> Exercise brief
Find the line with "Soap Dispenser with" in the records below. Copy it and every line after it, up to and including the line with "The H-3858 promotes".

> Data for review
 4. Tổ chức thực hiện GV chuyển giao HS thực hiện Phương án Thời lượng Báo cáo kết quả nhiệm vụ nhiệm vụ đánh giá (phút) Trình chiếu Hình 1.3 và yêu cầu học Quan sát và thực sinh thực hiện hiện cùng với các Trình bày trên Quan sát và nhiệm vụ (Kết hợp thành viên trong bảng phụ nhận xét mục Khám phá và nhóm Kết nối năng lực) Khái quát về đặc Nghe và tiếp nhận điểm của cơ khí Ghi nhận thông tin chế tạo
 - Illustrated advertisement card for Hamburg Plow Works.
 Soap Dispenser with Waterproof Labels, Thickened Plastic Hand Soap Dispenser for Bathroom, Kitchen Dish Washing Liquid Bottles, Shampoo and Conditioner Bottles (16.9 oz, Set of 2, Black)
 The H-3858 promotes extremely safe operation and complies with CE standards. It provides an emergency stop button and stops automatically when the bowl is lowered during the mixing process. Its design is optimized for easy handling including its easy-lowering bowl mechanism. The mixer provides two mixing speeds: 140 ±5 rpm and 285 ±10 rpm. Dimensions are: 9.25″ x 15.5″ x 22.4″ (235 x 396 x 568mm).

==

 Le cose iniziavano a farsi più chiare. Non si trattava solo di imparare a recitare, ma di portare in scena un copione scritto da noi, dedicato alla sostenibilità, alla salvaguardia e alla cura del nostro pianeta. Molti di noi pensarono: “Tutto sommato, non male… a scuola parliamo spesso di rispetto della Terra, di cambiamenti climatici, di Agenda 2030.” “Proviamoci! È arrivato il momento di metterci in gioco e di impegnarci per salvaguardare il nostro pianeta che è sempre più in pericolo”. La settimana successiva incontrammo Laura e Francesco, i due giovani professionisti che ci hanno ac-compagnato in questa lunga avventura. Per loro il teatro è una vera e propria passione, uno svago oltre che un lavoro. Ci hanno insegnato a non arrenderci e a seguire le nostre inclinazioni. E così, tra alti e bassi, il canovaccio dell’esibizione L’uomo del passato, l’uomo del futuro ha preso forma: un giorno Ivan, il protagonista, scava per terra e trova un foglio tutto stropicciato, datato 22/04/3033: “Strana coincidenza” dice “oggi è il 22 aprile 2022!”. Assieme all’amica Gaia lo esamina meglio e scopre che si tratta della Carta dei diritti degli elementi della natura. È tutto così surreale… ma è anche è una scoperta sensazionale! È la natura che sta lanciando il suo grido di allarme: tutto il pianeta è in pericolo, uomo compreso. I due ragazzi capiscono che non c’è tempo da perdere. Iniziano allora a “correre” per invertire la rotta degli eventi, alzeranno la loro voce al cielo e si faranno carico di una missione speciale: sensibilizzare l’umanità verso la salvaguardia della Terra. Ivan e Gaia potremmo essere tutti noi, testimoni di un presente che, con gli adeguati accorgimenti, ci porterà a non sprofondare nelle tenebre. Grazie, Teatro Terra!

> Task answer
 Soap Dispenser with Waterproof Labels, Thickened Plastic Hand Soap Dispenser for Bathroom, Kitchen Dish Washing Liquid Bottles, Shampoo and Conditioner Bottles (16.9 oz, Set of 2, Black)
 The H-3858 promotes extremely safe operation and complies with CE standards. It provides an emergency stop button and stops automatically when the bowl is lowered during the mixing process. Its design is optimized for easy handling including its easy-lowering bowl mechanism. The mixer provides two mixing speeds: 140 ±5 rpm and 285 ±10 rpm. Dimensions are: 9.25″ x 15.5″ x 22.4″ (235 x 396 x 568mm).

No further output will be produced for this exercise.